The architecture implemented is ARMv7-A. The "v7" is the instruction set revision whereas the "A" stands for "Application profile". Such processors implement virtual memory; in ARM parlance they define a Virtual Memory System Architecture (VMSA). This means that they have a Memory Management Unit which provides both address remapping and memory attributes such as cached, non-executable, etc.

The other profiles are R and M. Profile R processors have a Memory Protection Unit which like an MMU provides memory attributes which which does no address mapping. ARM calls this a Protected Memory System Architecture (PMSA). Profile M, for Microcontroller, processors have neither VMSA nor PMSA.

Instruction set

v7 actually comprises several different instruction sets:

The standard ARM instruction set.

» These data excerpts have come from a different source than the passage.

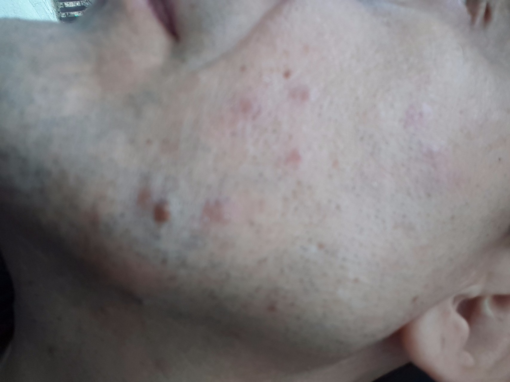 Мес.2 назад появились прыщики а потом все перешло в пятна Были прыщики а потом стало...
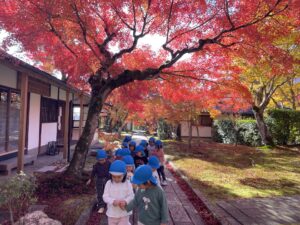 2024.11.28 園日記 鷹峯の紅葉PartⅣ☆ さくら(年少)組のお友だちが妙見宮と吟松寺へお散歩に行きました。もみじの葉が風に吹かれて落ちてくると「葉っぱの雨が降ってきた!」「葉っぱが踊ってるみたい♪」とお話していたお友だちです☆ < 前へ 次へ > お知らせ・ブログ一覧へ
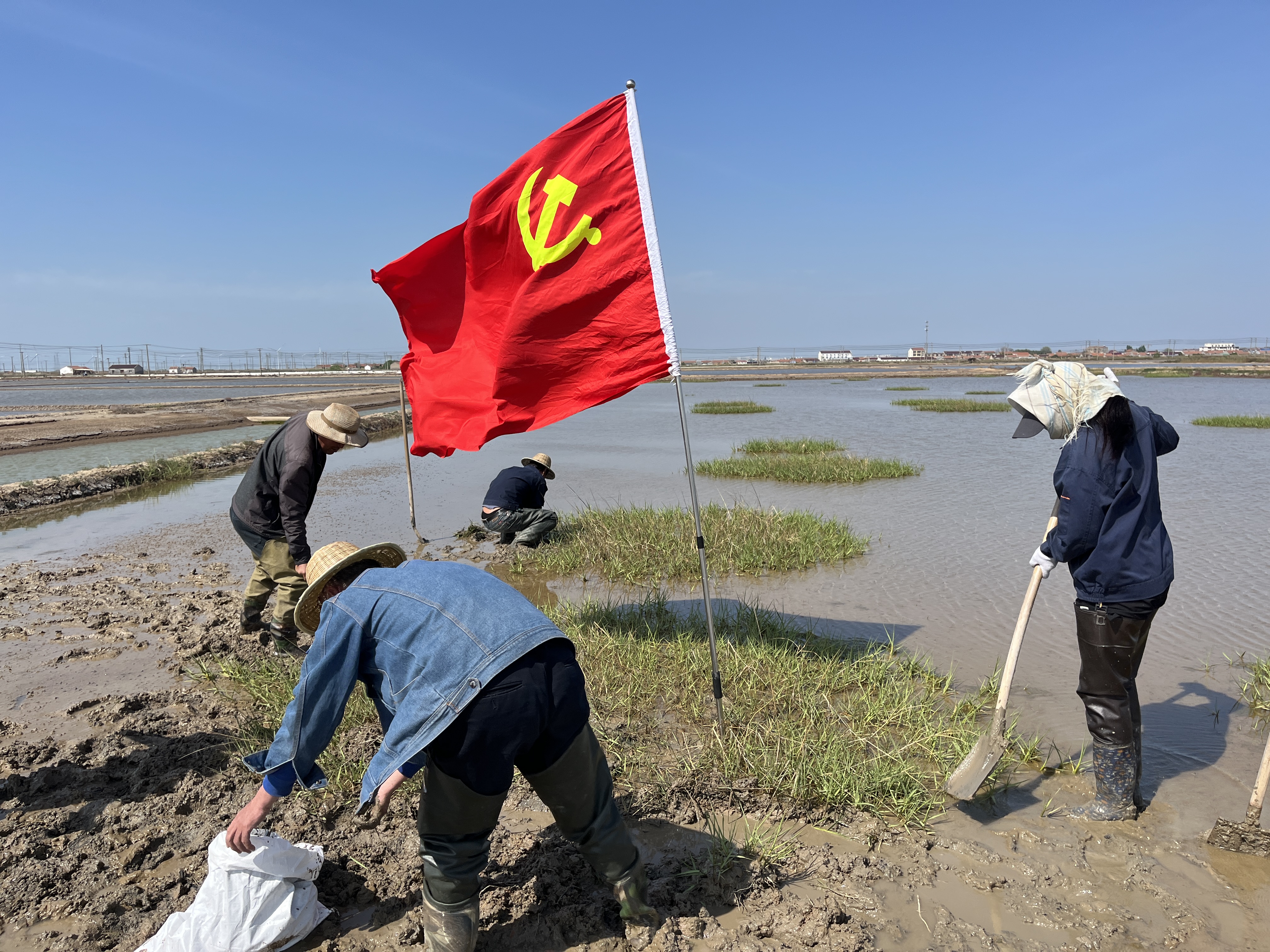 隨著氣溫的升高和蒸發量的逐步增加,2 班“甜頭”大米草即將進入生長旺盛期。這些大米草嚴重制約了正常制鹵工作,給生產帶來了不小的挑戰。為了防范未然,黨支部帶領職工們積極行動起來,他們齊心協力努力理順走水路線,不斷完善灘地條件。大家充分發揮團結協作的精神,為保障生產的順利進行貢獻著自己的力量。
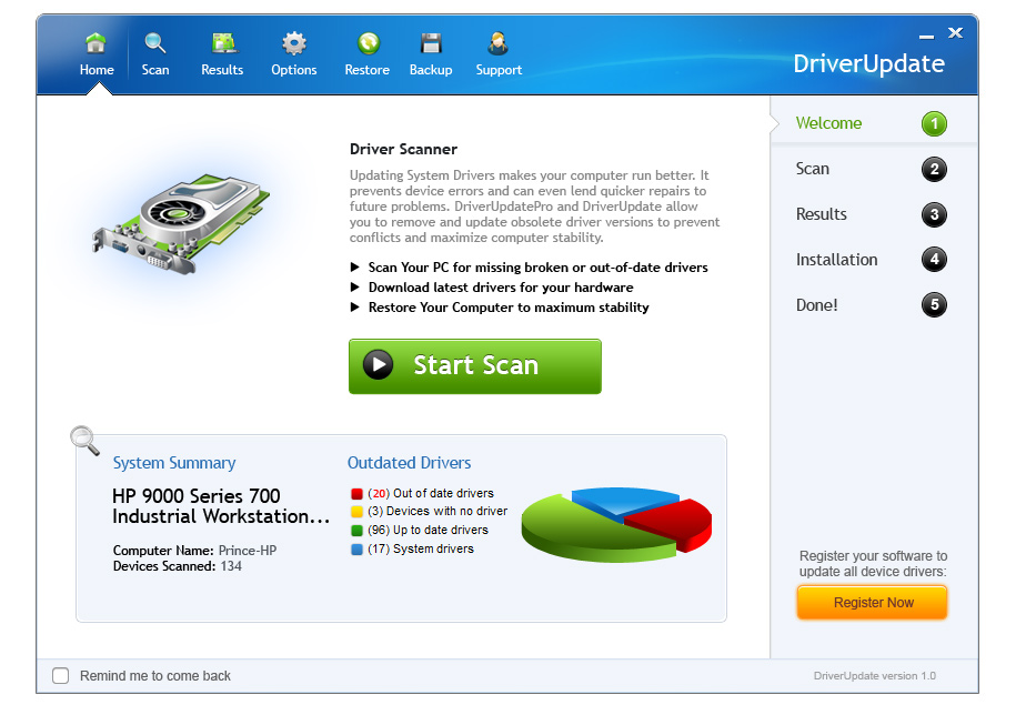 SlimDrivers scaneaza computerul, identifica driverele instalate si ofera solutii pentru actualizarea lor sau pentru instalarea unor alte drivere.
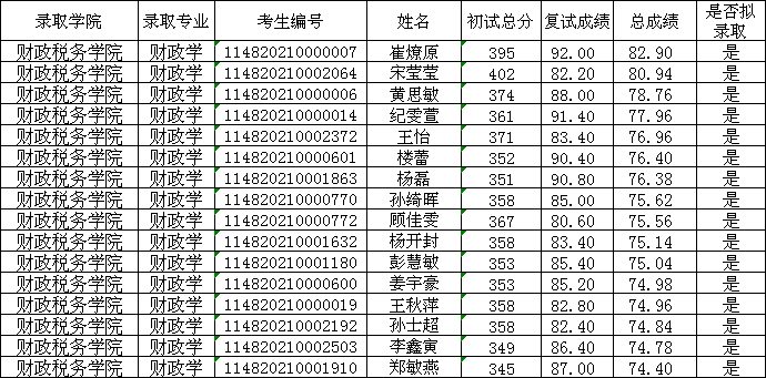 博彩导航 2020年财政学硕士研究生一志愿复试工作已经结束,现将博彩导航 财政学硕士研究生拟录取名单公示如下:
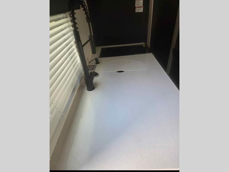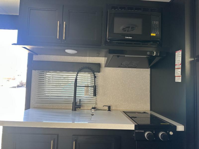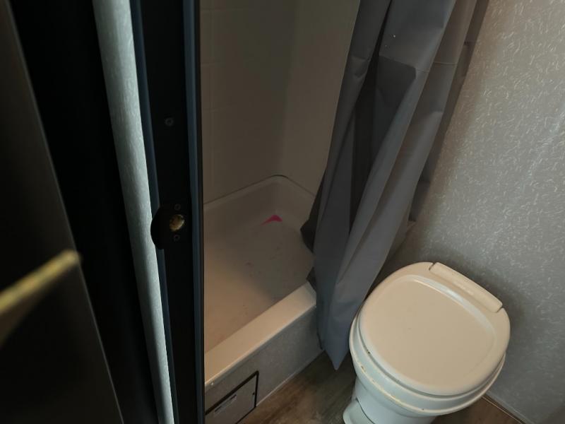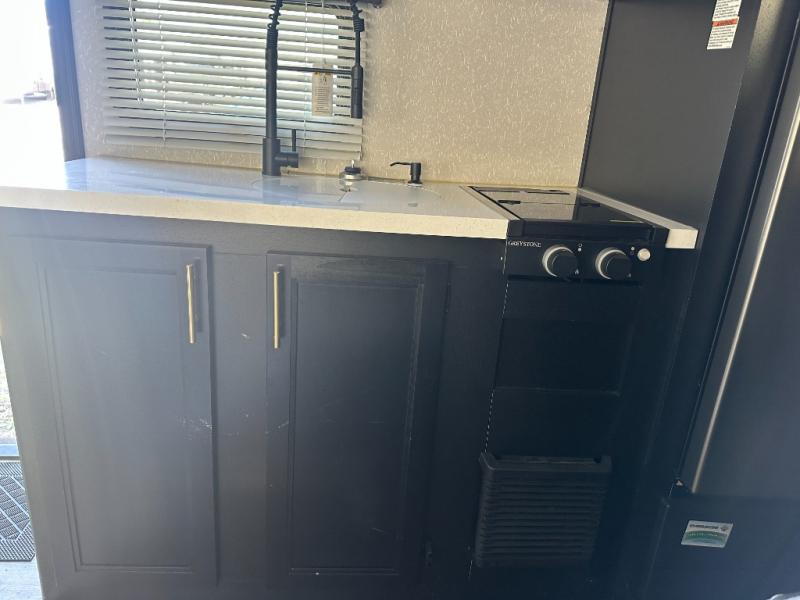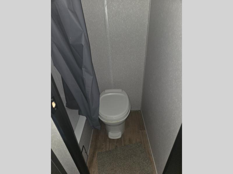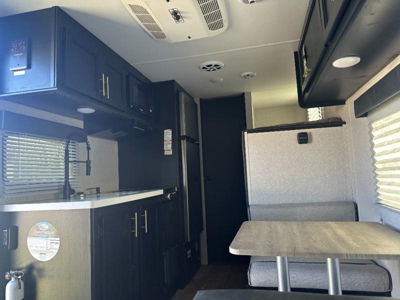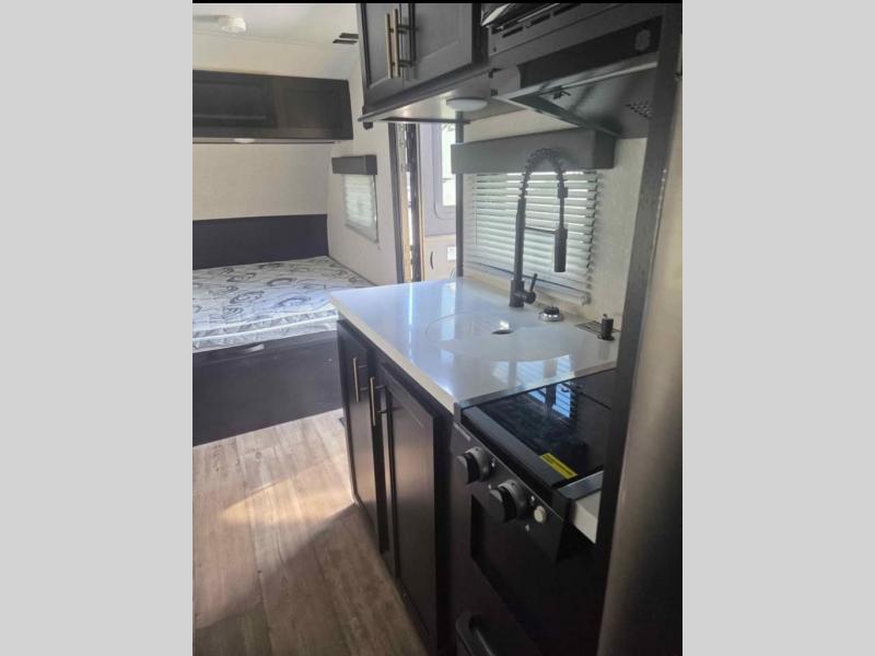Enjoy a home away from home with this travel trailer! There is a front queen bed with a pillowtop mattress to lay your head on at night and the kiddos can sleep on the set of bunk beds in the rear with a TV mount location for extra entertainment on those rainy days. They will also appreciate having the rear corner bathroom so close to them at night. The chef can either prepare their meals indoors with the high output cooktop or at the outside mini kitchen, and the large stainless steel kitchen sink inside will make cleaning up easier. You can enjoy your meals at the booth dinette, play games, and even transform it into an extra sleeping space!
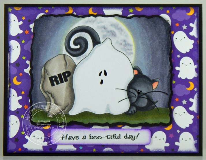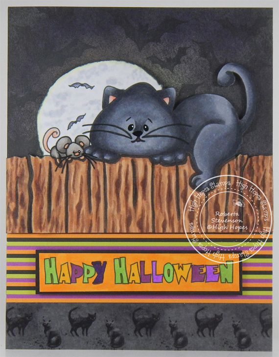 It’s Wednesday, and this week, I made a Hallowe’en card using High Hopes Rubber Stamps By The Moonlight – TT047 for the image and Block Happy Halloween – FF049 for the sentiment. These little friends are ready for some spooky fun on Hallowe’en.
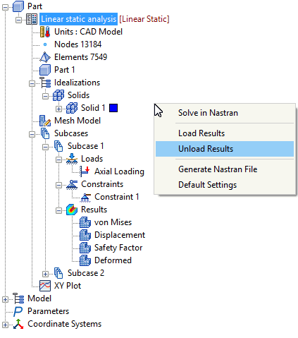 在模型數中的「分析」上按一下滑鼠右鍵,然後選取「卸載結果」從分析中移除任何既有結果。結果檔案不會從硬碟機刪除,但是結果會從電腦的記憶體卸載。

Each instruction is 32 bits long and aligned on a 32-bit boundary. The full set of general registers is available. Shift operations may be combined with arithmetic and logical operations. This is the instruction set we'll be using for our project. Oddly, an integer divide instruction is optional and the Zynq CPUs don't have it.
Thumb-2. Designed for greater code density. Contains a mix of 16-bit and 32-bit instructions. Many instructions can access only general registers 0-7.
Jazelle. Similar to Java byte code.
ThumbEE. A sort of hybrid of Thumb and Jazelle, actually a CPU operation mode. Intended for environments where code modification is frequent, such as ones having a JIT compiler.

Coprocessors

The ARM instruction set has a standard coprocessor interface which allows up to 16 distinct coprocessors.

Coprocessor 15, CP15, is a pseudo-coprocessor which performs cache and MMU control as well as other system control functions.

CPs 12, 13 and 14 are reserved for floating point and vector hardware, which in this system are both part of the NEON extension.

Options and extensions

There are a number of options and extensions available for a Cortex-A CPU. Some features can change the way you have to program the processor even you don't want to use them. The following table lists them and indicates whether they are available on the Zynq.

Name	On Zynq?	Description
ARM instruction set
Thumb-2
Jazelle
ThumbEE
Integer divide instructions
VMSA		Has at least one MMU
PMSA		Has at least one MPU
Fast multiply		Improved integer multiplication
VFP3-32		Scalar floating point rev. 3 with 32 double-sized registers
VFP3-16		Like VFP3-32 but with half the number of registers
VFP4-x		Scalar floating point rev. 4
NEON (Advanced SIMD)		Vector operations with integers and single floats
Large Physical Address (LPA)		40-bit physical addresses
Generic Timer		System counter (clock) plus count-down and count-up timers
Multiprocessing (MPCore)		Multiple CPU cores sharing memory
Security (TrustZone)		Adds distiction between secure and non-secure code
Virtualization (Hypervisor)		Allows creation of virtual machines to run non-secure code

Two extensions that are obsolete as of ARMv7 are Fast Context Switch (FCSE) and old-style Floating Point (FP). You can ignore what the ARM architecture manual has to say about these.

MMU

There can be up to four independent MMUs per CPU (though they may be implemented with a single block of silicon). Without the security or virtualization extensions there is just one MMU which is used for both privileged and non-privileged accesses. Adding the security extension adds another for secure code, again for both privilege levels. Adding the virtualization extension adds two more MMUs, one for the hypervisor and one for a second stage of translation for code running in a virtual machine. The first stage of translation in a virtual machine maps VM-virtual to VM-real addresses while the second stage maps VM-real to actual hardware addresses. The hypervisor's MMU maps only once, from hyper-virtual to actual hardware addresses.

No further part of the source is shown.